Our research activities are focused on innovative semiconductor nano and quantum materials (III-V quantum nanowires, quantum dots and novel 2D heterostructures) and their use within diverse research areas spanning the fields of nano and quantum electronics, nano-optoelectronics and quantum photonics, as well as information technology and sensing. Along these avenues we pursue all stages from synthesis of nano and quantum materials to simulation and characterization of electronic, optical, structural, and charge carrier properties, as well as to device fabrication and probing device functionalities in regimes that are ruled by mesoscopic and quantum effects.

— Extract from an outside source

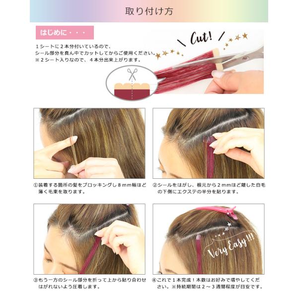 地毛をシールで直接はさむだけで、簡単に取り付けられるエクステです。

Quantum Nanowire Integrated Light Sources

Novel quantum-nanowire (NW) cavities on SOI-based platform are not only promising systems as integrated nanolaser sources for future on-chip optical interconnects, but may also enable directly integrated single and entangled states of light that can be efficiently coupled and computed on demand in underlying quantum circuits. One central theme of our work is to synthesize and explore the properties of quantum heterostructures (wells and dots) in NW cavities and further integrate these deterministically on 1D-waveguides (WG).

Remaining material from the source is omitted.